We’ve reached the half-way mark in the SSE Airtricity League Premier Division, with most teams completing their eighteenth match over the weekend. The clubs playing on Friday night served up a feast of goals to mark the occasion – an incredible 22 were scored in that night’s four games. As if intimidated by the goals raining in on Friday, the battle of the Rovers on Saturday night served up the only scoreless game of the weekend. Soccer Republic will be entertaining on Monday night, as would any of the games from Friday if they’d been screened live – unfortunately RTE gave themselves a night off from broadcasting domestic top-flight football.
Are things as you expected at the turn? I’m not surprised to see Dundalk and Cork vying for top spot – most people would have called that – but I am surprised, and pleasantly so, to see Waterford and St Patrick’s Athletic occupying the next two places. Waterford have only just come up from the First Division, while Pats are reaping the reward for showing faith with Liam Buckley.
With 30 points Pats are the only Dublin side in the top half of the table. Shamrock Rovers are languishing in sixth, unable even to fall back on being the leading Dublin club or occupying the European places as an answer to criticism. 23 points from 18 games is a very disappointing return for the Hoops at this stage of the season.

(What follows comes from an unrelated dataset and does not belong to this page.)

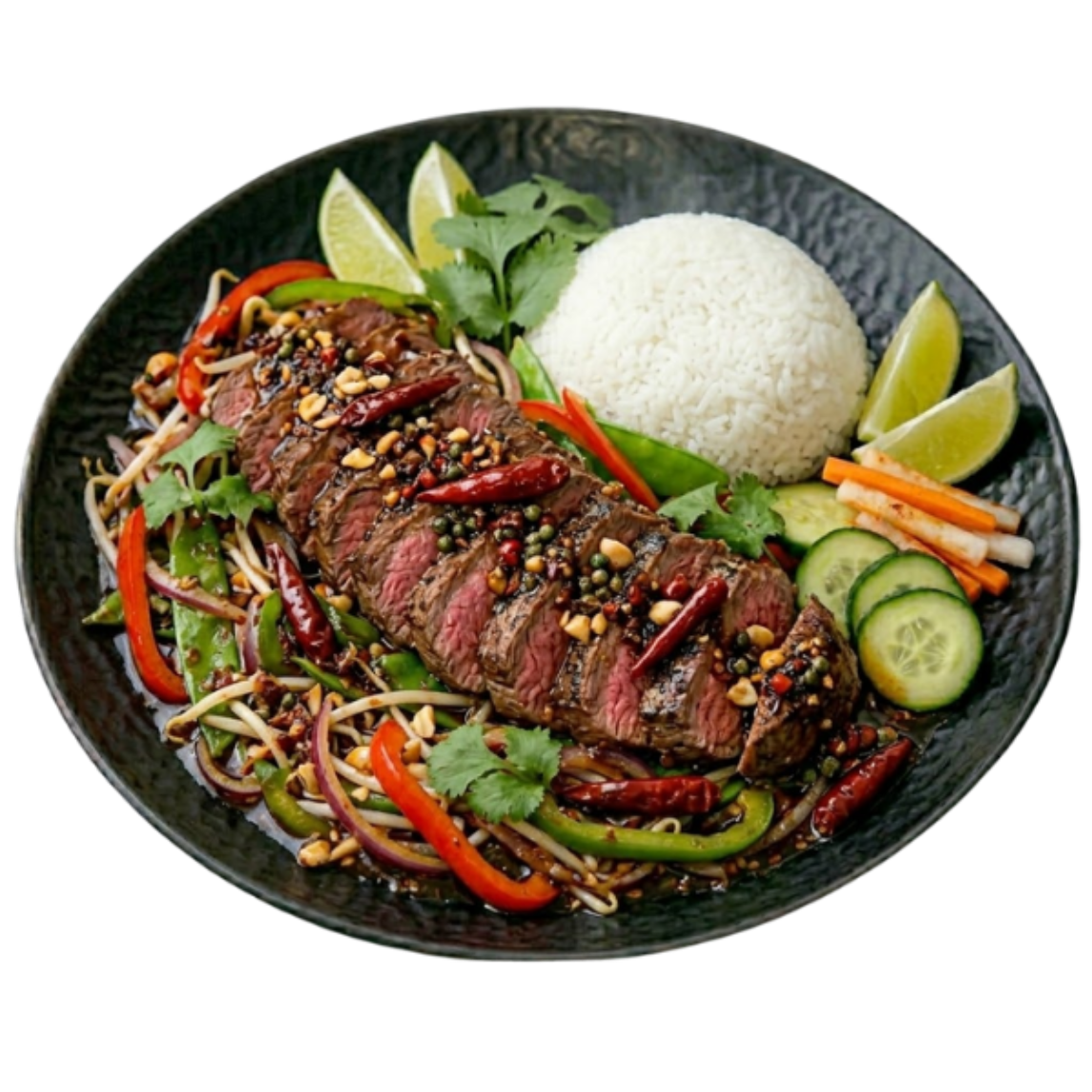 Rinderfilet mit rot-Thai-Curry (scharf)

Rovers seem no nearer to knocking Dundalk and Cork off their perch, much to the dismay of their fans. This season was one in which they really had to deliver but even at this stage that chance is long gone. Bohemians have under-achieved in comparison to expectation also; 19 points from 18 games is little more than survival fare and that’s exactly where they find themselves, treading water just above the relegation play-off spot.
The bottom of the table is as most would have predicted. Bray, off the back of last season’s off-field problems, have struggled so far but things have improved since Graham Kelly took over as interim boss and automatic relegation isn’t a foregone conclusion just yet. The fact that they’ve scored the least and let in the most shows the table is as an accurate a reflection of their poor form as it is of Dundalk’s good form – they have let in the least and scored the most.
As things stand Sligo and Limerick are trading places in the relegation play-off spot although Limerick’s fine 6-3 win away at Waterford at the weekend turned the form book on its head somewhat.
There has been lots of comment about how lopsided the fixture schedule is. We are barely three months into the season and yet half the matches have been played; the other half will be played over a much more generous and leisurely five month period.
It does seem strange that summer soccer doesn’t mean we maximise the actual summer to play a bigger chunk of the games – they are loaded onto the spring and autumn months, when cross-channel action is on in competition. OK, there is a World Cup on this summer, and every summer has the GAA on as competition, but in general the match roster should be more evenly spread.
As for the First Division, they haven’t quite reached the half-way mark yet but already UCD are pulling clear in the automatic promotion spot. The battle for the three play-off spots has been fascinating so far, with any three from Drogheda, Shelbourne, Galway, Finn Harps and Longford in with a shout. It’s certainly making for an entertaining league, although Athlone are a sorry sight at the foot of the table with only a single point from 12 games and a minus 40 goal difference. Playing in front of crowds barely into treble figures isn’t good for them or the league, but what can be done?
It is only half way. There is plenty of time for things to change. Teams can get on a run, both of good and poor results. The FAI Cup has still to commence. Still all to play for.